Moving your money into your new employer’s plan allows you tax benefits in tax-deferred growth using the Roth option you choose. Keep in mind as a new employee, there may be a waiting period before you can move your money. If you transfer your vested balance, you may delay taking required minimum distributions (RMDs) until you actually retire.
What about before-tax or after-tax contributions?
Before-tax contributions can be moved from any type of salary deferral plan to another. After-tax Roth contributions can only be moved into the same type of salary deferral plan. Any rollover will have to be one directly on a trustee-to-trustee basis, not as a 60-day rollover. You must transfer the assets directly form your plan’s trustee to the trustee of your new employer’s plan without taking receipt of the money yourself. A Transfer of Assets or Direct Rollover form will need to be completed for this transaction. Consult a representative for more information on this option.

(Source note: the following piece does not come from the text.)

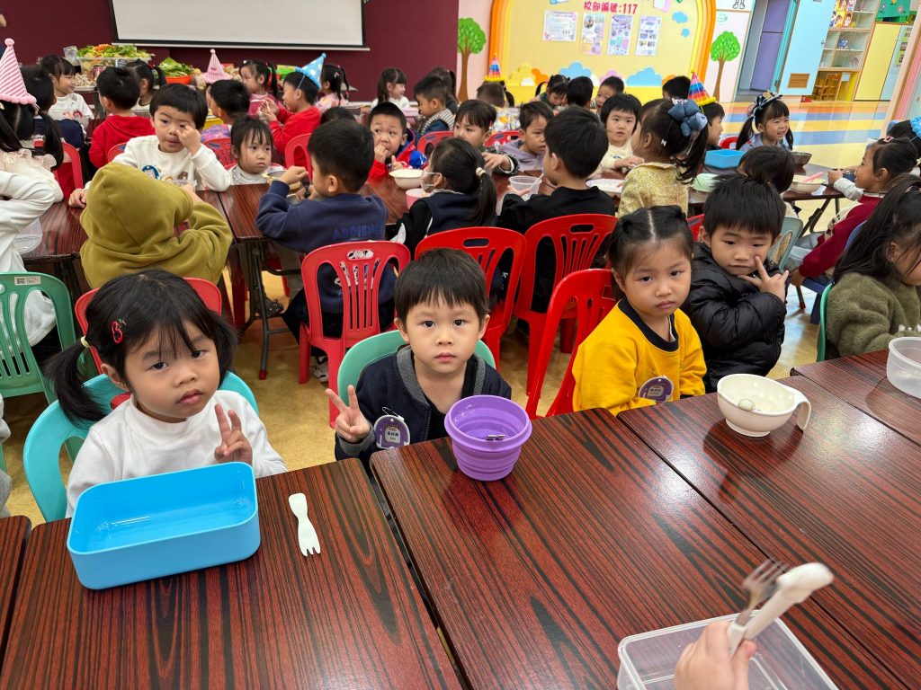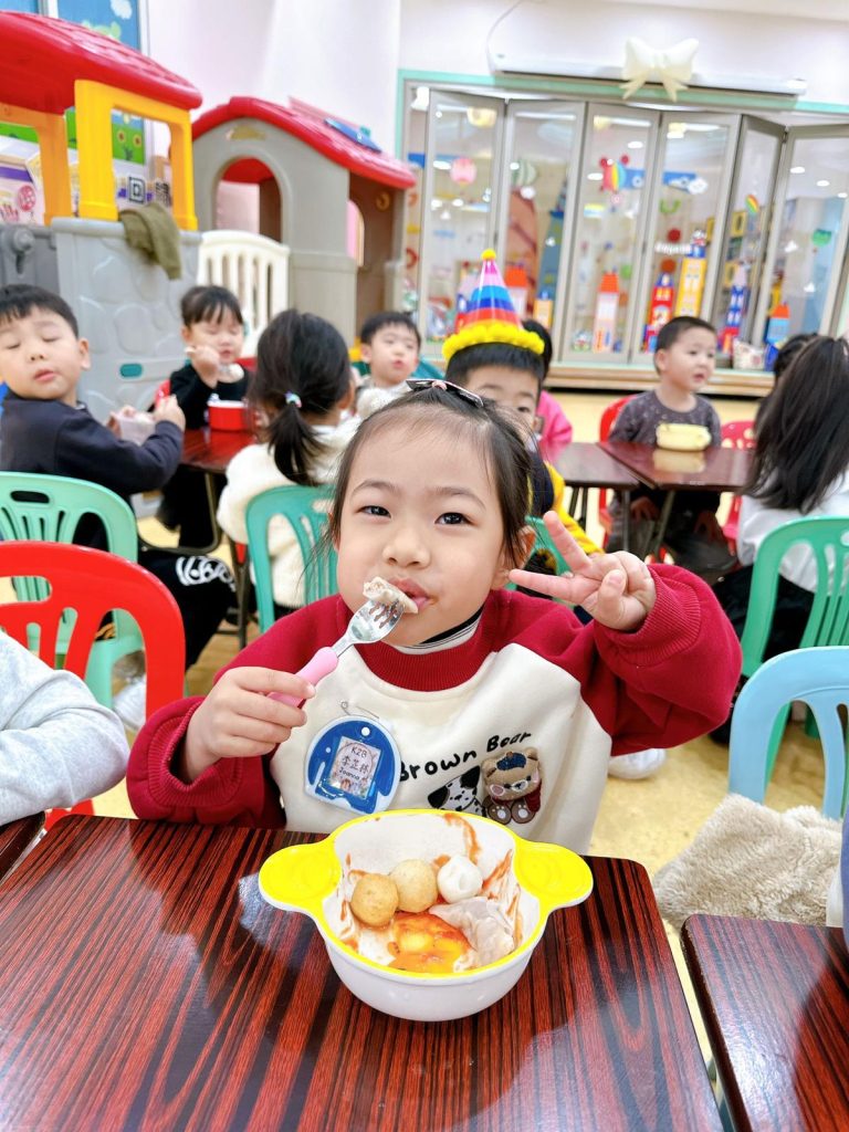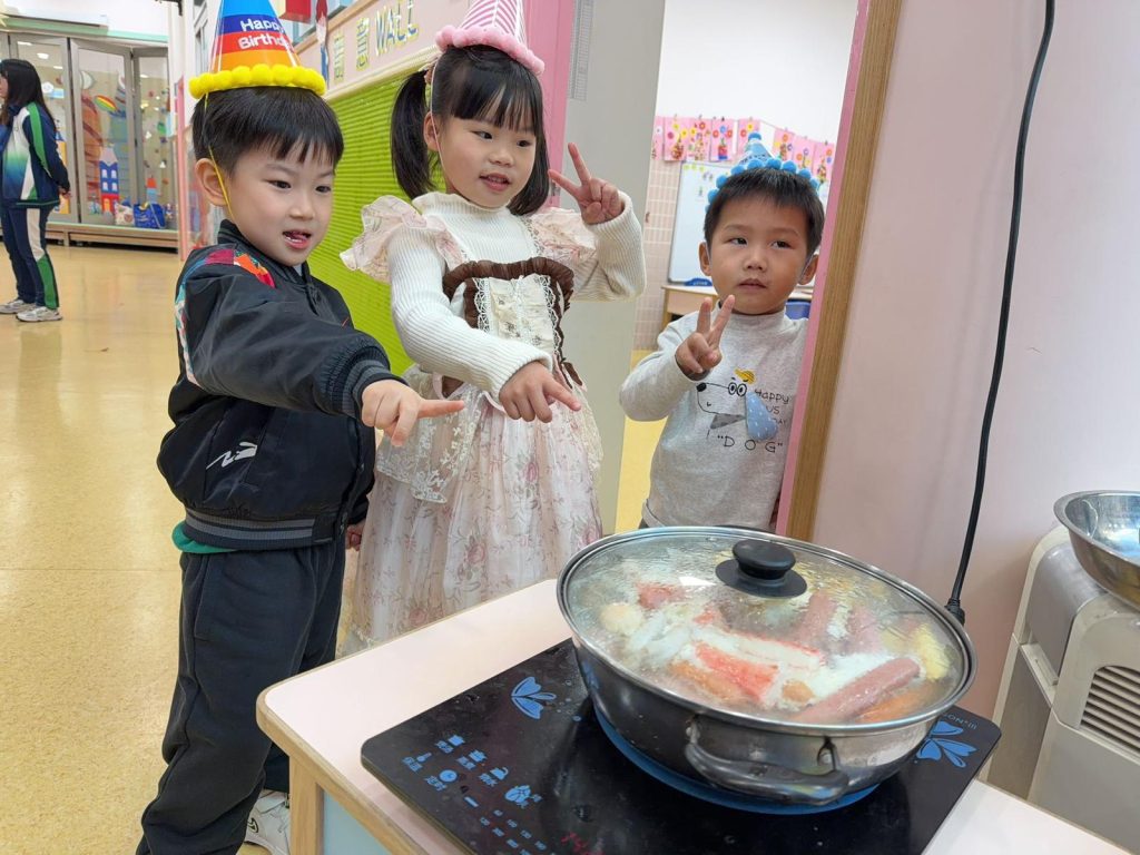 活動中,老師們將繽紛蔬菜放入輕煙裊裊的小鍋,當湯底開始咕嘟沸騰,平台瞬間充滿歡呼。孩子們圍坐共唱生日歌,以美味的丸子代替傳統蛋糕,在溫馨燭光中許下願望。

How can I remain in my former retirement plan? What should I know about this option?
If your former employer allows it, you can leave your retirement plan balance the way it is. You will receive the same tax benefits and will be familiar with your current options and investments. Keep in mind that remaining in your current plan will limit you to investment options made available by your former employer, you will not be able to make additional contributions, and you will need to follow plan’s rules including being charged fees to remain in the plan.
What if my plan has an automatic cashout/rollover rule? What does it mean?
If you have $1,000 or less, your previous employer can choose to close your account and distribute the amount as a check. If your balance is between $1,000 and $5,000, your employer can roll your savings into a tradition or Roth IRA of their choice. Both qualified retirement plans and IRAs typically involve fees, expenses, and services that should be compared when considering a qualified plan rollover.
How can I cash out of my retirement plan? Are there any penalties?
If you choose the option of cashing out of your plan, you may almost half of your before-tax savings to income taxes and other possible penalties. If you are under 59.5 of age, you could pay an additional 10% penalty on the distribution and pay federal and state income taxes as well. There are some circumstances where early withdrawal penalty would not apply: you are at least 55 when you leave your job, you take distributions in substantially equal amounts for 5 years or until you are 59.5 of age, or you become disabled or have certain medical expenses.